## YOUR ASSIGNMENT
Your reply should be only the number of lines in the records that contain the word "life".

## TASK MATERIAL

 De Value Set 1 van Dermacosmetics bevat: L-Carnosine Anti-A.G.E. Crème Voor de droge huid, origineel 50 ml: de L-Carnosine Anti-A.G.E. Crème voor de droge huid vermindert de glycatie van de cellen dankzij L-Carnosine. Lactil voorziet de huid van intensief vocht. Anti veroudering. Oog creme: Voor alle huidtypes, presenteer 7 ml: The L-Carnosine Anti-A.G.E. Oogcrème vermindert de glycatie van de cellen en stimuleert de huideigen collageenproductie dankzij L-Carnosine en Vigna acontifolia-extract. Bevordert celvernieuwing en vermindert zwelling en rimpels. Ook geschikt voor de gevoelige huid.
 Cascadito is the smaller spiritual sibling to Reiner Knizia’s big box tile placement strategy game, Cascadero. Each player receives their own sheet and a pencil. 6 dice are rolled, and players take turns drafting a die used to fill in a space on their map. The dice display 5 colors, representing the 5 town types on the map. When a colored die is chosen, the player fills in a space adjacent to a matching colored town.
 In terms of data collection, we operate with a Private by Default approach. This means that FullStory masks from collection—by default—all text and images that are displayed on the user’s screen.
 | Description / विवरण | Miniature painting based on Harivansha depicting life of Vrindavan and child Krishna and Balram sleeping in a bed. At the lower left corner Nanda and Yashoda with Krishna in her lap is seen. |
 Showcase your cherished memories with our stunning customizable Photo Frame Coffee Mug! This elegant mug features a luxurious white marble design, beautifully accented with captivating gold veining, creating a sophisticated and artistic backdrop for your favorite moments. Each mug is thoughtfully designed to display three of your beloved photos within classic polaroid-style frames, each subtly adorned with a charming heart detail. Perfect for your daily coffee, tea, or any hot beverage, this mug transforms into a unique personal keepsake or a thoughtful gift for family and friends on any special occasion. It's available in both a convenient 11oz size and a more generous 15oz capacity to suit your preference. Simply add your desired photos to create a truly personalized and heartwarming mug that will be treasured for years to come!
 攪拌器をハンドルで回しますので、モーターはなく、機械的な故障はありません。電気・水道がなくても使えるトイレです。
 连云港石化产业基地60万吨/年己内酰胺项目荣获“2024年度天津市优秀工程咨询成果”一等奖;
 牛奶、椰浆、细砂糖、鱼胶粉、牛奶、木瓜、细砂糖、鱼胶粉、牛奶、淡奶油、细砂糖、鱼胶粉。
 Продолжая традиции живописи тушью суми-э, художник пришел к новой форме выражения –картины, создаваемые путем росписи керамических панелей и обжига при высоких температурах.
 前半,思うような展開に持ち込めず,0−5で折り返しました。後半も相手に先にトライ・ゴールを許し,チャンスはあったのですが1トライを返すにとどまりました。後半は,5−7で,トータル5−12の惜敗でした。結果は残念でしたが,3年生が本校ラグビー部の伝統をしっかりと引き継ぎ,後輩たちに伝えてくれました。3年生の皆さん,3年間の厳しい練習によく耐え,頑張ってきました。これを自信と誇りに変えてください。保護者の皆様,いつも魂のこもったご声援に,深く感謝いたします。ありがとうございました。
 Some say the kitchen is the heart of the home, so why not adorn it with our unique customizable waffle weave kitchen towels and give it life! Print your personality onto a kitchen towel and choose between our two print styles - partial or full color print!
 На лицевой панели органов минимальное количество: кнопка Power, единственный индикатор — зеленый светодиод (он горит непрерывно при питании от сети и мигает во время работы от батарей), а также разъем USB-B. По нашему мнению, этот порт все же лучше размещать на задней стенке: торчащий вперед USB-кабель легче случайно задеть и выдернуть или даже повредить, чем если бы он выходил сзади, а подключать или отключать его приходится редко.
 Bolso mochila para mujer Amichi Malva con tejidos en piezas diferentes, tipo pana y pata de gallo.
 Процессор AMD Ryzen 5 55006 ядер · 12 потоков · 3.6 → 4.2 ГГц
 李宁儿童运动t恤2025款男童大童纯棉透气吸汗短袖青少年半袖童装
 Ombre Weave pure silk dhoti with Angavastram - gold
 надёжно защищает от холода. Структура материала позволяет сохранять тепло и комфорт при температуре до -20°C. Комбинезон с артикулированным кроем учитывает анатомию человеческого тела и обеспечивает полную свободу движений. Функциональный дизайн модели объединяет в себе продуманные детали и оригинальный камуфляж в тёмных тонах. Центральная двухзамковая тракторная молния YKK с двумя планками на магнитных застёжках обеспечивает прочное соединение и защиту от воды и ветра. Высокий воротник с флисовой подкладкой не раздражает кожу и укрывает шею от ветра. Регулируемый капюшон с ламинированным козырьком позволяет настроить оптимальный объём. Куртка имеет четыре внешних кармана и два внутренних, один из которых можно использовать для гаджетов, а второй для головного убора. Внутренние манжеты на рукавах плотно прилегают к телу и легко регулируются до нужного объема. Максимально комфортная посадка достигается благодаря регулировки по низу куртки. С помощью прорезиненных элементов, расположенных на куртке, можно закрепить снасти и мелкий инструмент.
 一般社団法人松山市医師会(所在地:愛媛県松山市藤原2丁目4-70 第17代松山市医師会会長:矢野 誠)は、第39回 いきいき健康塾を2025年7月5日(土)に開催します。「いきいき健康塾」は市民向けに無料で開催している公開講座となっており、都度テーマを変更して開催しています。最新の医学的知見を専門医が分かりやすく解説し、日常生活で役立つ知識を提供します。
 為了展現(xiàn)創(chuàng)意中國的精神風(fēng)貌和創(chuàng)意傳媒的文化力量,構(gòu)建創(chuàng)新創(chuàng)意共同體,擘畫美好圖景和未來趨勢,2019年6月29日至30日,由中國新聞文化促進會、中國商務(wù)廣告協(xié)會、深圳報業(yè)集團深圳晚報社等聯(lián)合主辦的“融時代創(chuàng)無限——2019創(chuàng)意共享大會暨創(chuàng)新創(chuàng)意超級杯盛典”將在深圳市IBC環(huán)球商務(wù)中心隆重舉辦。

## REPLY
2